Backed by a single simple study with too small a sample size and little or no
control group, paid for by the group currently making the claim (a group who
may have commissioned several other studies but didn't have them published
because the results were not as complimentary to their cause).

------
trimble_tromble
Their study of adolescents[1] did not use a control group. This is an issue,
as adolescent executive performance is likely naturally improving over time,
and said improvement may be non-linear.

[1][https://www.sciencedirect.com/science/article/pii/S036013151...](https://www.sciencedirect.com/science/article/pii/S0360131517302154)

------
geek-advised
This isn't new. Games are proven to help a lot of things in the brain.

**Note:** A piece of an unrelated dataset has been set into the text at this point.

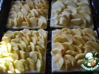 Яблоки чищу от кожуры, режу дольками и укладываю внахлест. Посыпаем сверху сахаром с корицей. |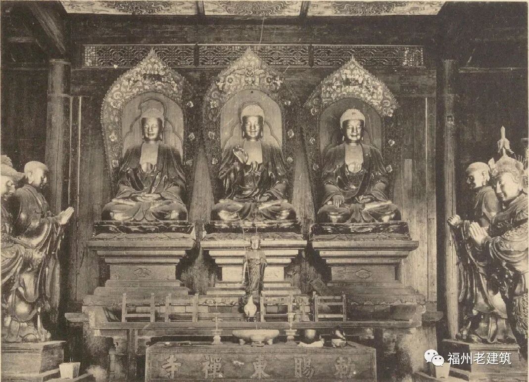 大殿内,以释迦佛、药师佛、弥陀佛三尊塑像为中心,前方左右安放迦叶、阿难两罗汉塑像,再前方为二天王塑像(图版第六十五(2))。左右两侧分列十八罗汉,中尊释迦佛前有一小佛,药师、弥陀两佛背后则为两尊观音。法堂内部,以观音为主尊,左右各有四尊天王。同时,东禅寺供奉的诸神包含了地方民间信仰,与一般有所不同。作者(常盘大定)特地留意与大藏经有关的资料,在寺内搜寻一番后,却只发现一块刻诗的木板。如今,这座寺庙归属西禅寺管理。虽然作者未能得到与大藏经有关的任何资料,但对寺中供奉着许多民间信仰的神祇引起了他的浓厚兴趣。引人思考的是,这所东禅寺看起来并不像是宋代雕印福州本大藏经的东禅等觉院。”

For
example reaction time: [https://www.futurity.org/video-games-speed-up-
reaction-time/](https://www.futurity.org/video-games-speed-up-reaction-time/)

Maybe it's just me, but this gives me an ad feeling.

------
SimpleMinds
The article sounds like an ad, and 2 out of 3 games listed doesn't sound like
anything new.

That being said, I think what is being said is that these 3 mechanics in the
games are particulary suited to improve your brain activities.

The 3rd game is reimplementation of one of the games that is proved to improve
your cognitive abilities - and I'm sorry, I cannot remember the name - which
was about forcing your brain to work on disonnanced tasks.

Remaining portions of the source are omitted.